使用锁可以有效避免主线程过早或者过晚地退出而产生不可预期的结果。

import time
import datetime
import _thread

dt_format="%H:%M:%S"#自定义字符串变量作为格式输出，“时分秒”

def get_time():#获取并按格式返回当前时间
    dt=datetime.datetime.now()
    return datetime.datetime.strftime(dt,dt_format)

def thread_fun(thread_id,lock):#线程时间输出
    print("Thread %d\t start at %s"%(thread_id,get_time()))
    print("Thread %d\t sleeping"%thread_id)
    time.sleep(4)
    print("Thread %d\t finish at %s"%(thread_id,get_time()))
    lock.release()

def main():#定义主函数
    print("Main thread start at %s"%get_time())
    locks=[]
    for i in range(5):#0~4
        lock=_thread.allocate_lock()#给任务加上锁
        lock.acquire()#获取锁对象
        locks.append(lock)#把具体的锁对象加到锁列表里面去
    for i in range(5):
        _thread.start_new_thread(thread_fun,(i,locks[i]))
        time.sleep(1)
    for i in range(5):
        while locks[i].locked():#判断派生的线程有没有锁，如果有暂停主线程，直到所有的锁都释放了才会执行主线程
            time.sleep(1)
    print("Main thread finish at %s"%get_time())

if __name__=="__main__":#当前模块直接被执行
    main()

_thread.allocate_lock方法：返回一个Lock对象。
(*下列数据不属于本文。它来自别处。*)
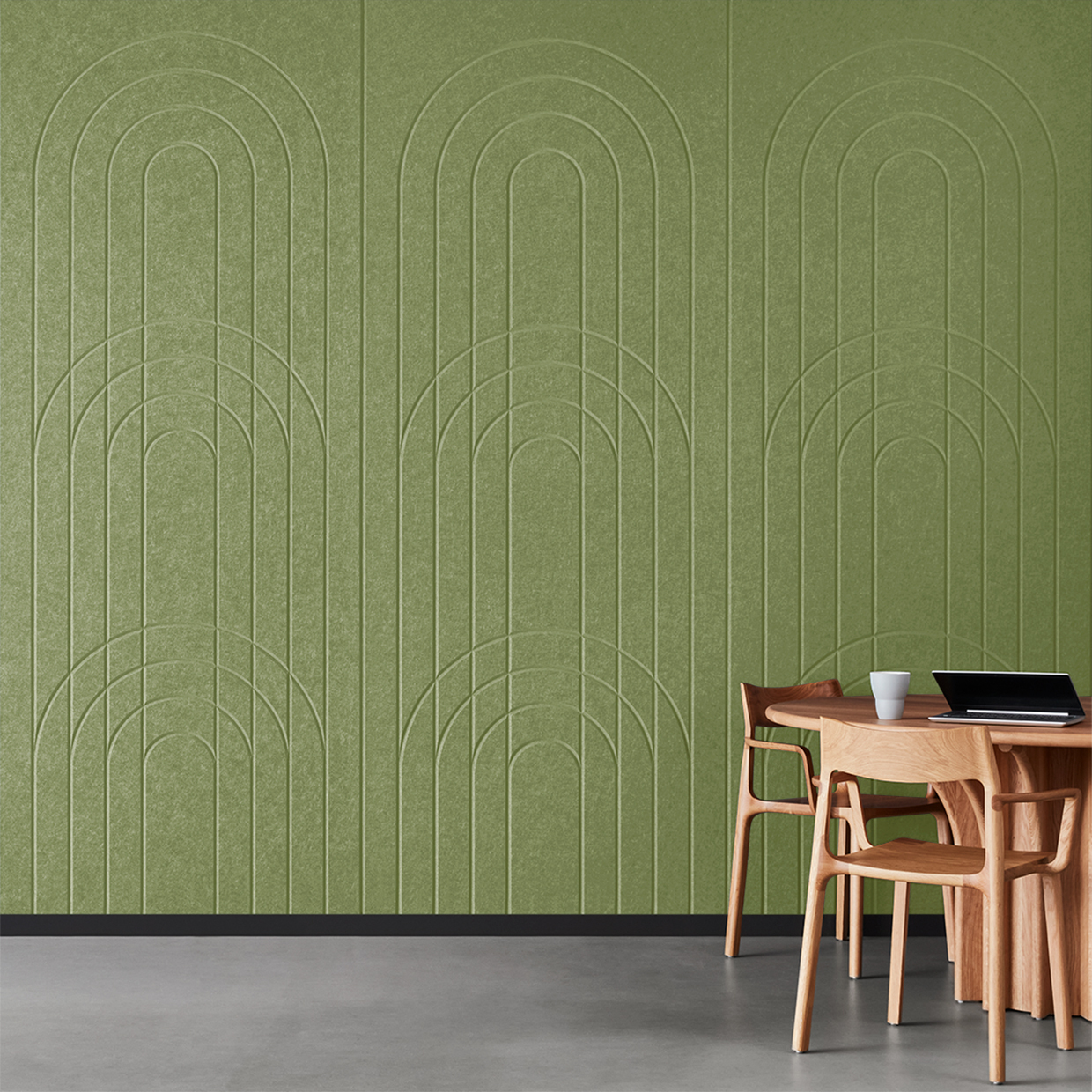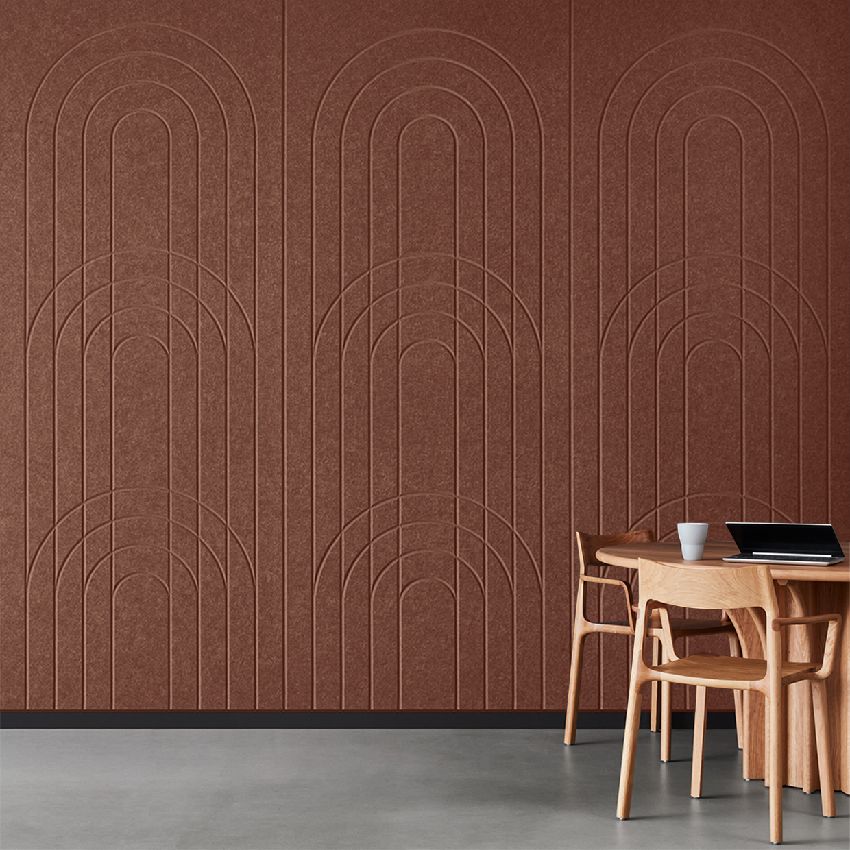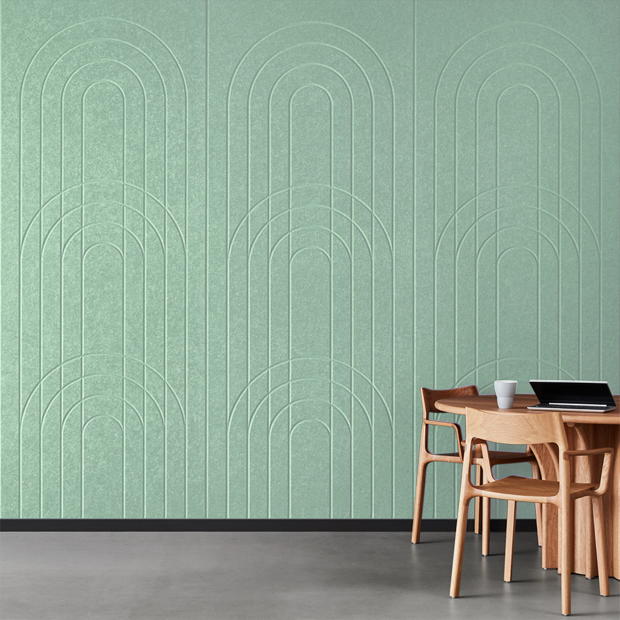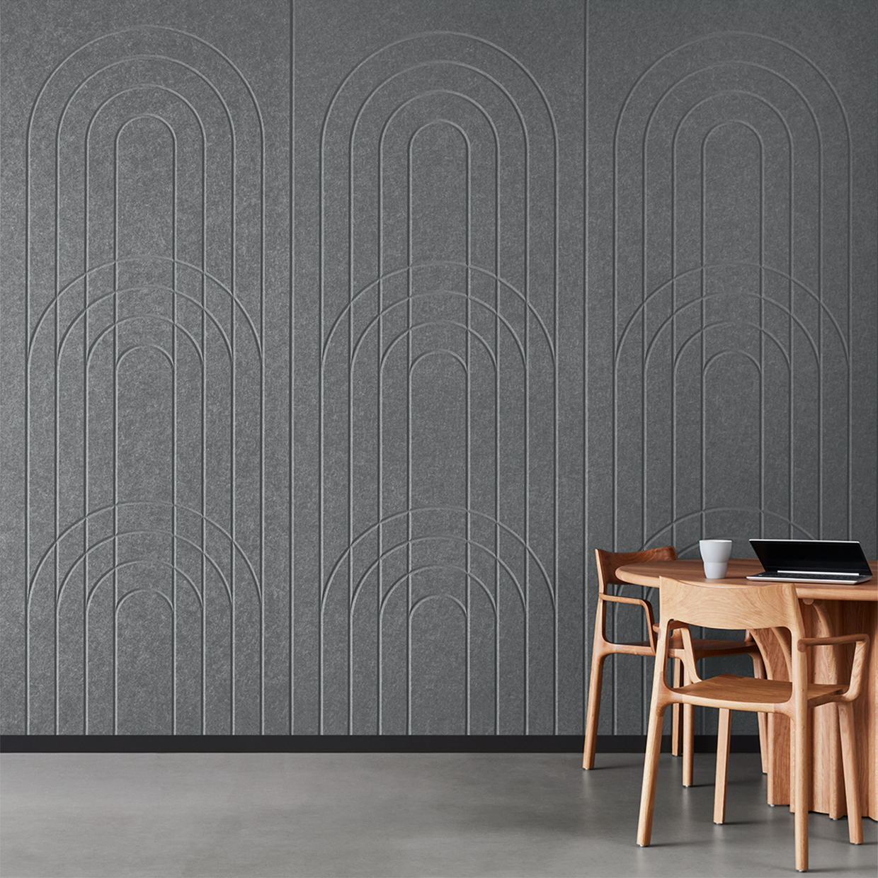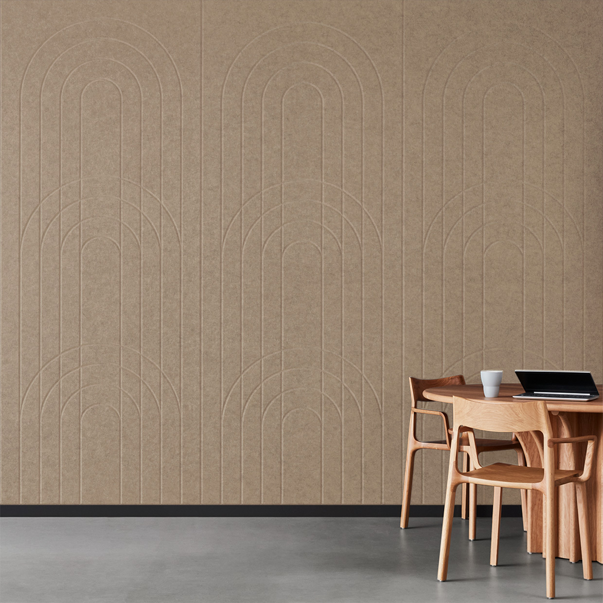 EchoPanel® Empire akustilised paneelid loovad kauni tasakaalu kaarte ja vertikaalsete joonte vahel, tuues interjööri õrna elegantsi.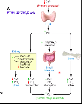 • Initiates synthesis of 1,25-dihydroxyvitamin D (1,25 (OH)2 vitamin D3) in kidney, as 1,25 (OH)2 vitamin D3 increases Ca2+ absorption from gut

我们可以同时开启多个线程，但是在任意时刻只能有一个线程能在解释器运行，因此需要由全局解锁器（GIL）控制运行哪个线程

Lock对象有三个常见方法：
acquire方法：无条件地获取锁定Lock对象，如果有必要，等待它被另一个线程释放。一次只有一个线程可以获取锁定，当某个线程被锁上之后，会优先执行这个锁的内容，直到锁释放才会执行其他线程。
release方法：用于释放锁。释放之前必须先锁定，可以不在同一个线程中释放锁。
lock方法：用于返回锁的状态。锁定True/否则为False。

PYTHON多线程
 多线程在python中的使用 thread

Threading模块

threading模块不仅提供了面向对象的线程实现方式，还提供了各种有用的对象和方法创建和控制线程。大部分操作围绕threading.Thread类实现。

import time
import datetime
import threading

dt_format="%H:%M:%S"#自定义字符串变量作为格式输出，“时分秒”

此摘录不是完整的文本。